The study is authored by Thomas Dimson, a software engineer known to have concocted the Hyperlapse app in Instagram. Dimson noted how the so-called digital language has evolved from the time the emoji keyboard was added to iOS for international use (October 2011) to that time when emojis became adopted on most Android platforms (July 2013).
"In the month following the introduction of the iOS emoji keyboard, 10 percent of text on Instagram contained emoji," said the team from Instagram Engineering. "The trend continued until the release of Instagram for Android in April of 2012, when many new users did not have emoji support. Afterward[s], there was a clear upward trend which accelerated after Android received native support for emoji in July 2013."
In other words, the upward trend in using emojis became more apparent after the introduction of emoji keyboards on iOS and on Android.
Dimson also came up with some definitions for emojis that he also ranked based on popularity or frequency of usage. By using algorithms and "contextual" interpretation, Dimson was able to produce definitions using the English language.
"It is a rare privilege to observe the rise of a new language," said Dimson. "Emoji are becoming a valid and near-universal method of expression in all languages."
The most widely used emoji is the one that's dubbed as "smiley face," which people use when saying things such as lmao, lolol, lolz, lololol, lmaoo, lmfao, lol, lolololol, ahahha, ahahah, ahaha, loll, lmfaoo, ahah, lmaooo, ahha, lollll, loll, ahhaha, ahahaha, lmfaooo and lml. In Instagram, these symbols are starting to represent former popular slangs on the Internet such as OMG and LOL.

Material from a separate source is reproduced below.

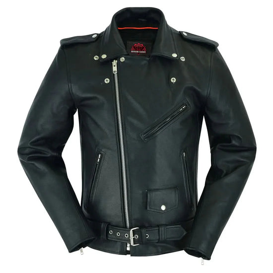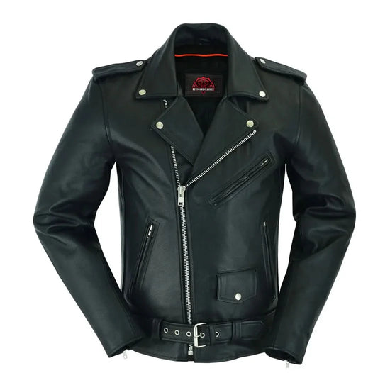 Men's Classic Plain Side Police Style M/C Jacket - TALL

Dimson also ranked countries according to their usage of emoji. Occupying the top spot is Finland, which uses emoji characters in their text messages by up to 63 percent. It is followed by France (50 percent), the UK (48 percent), Germany (47 percent), Italy and Russia (each at 45 percent). In the U.S., Instagram posts are found to have emojis in texts and captions by up to 38 percent. The country that was placed on the lowest ranking is Tanzania, as only 10 percent of texts and captions feature emojis.
Now, people are comparing the way emojis are used in the present world with how Egyptians were using hieroglyphics in ancient history. There is speculation that, in the future, the written word will totally be replaced with emojis.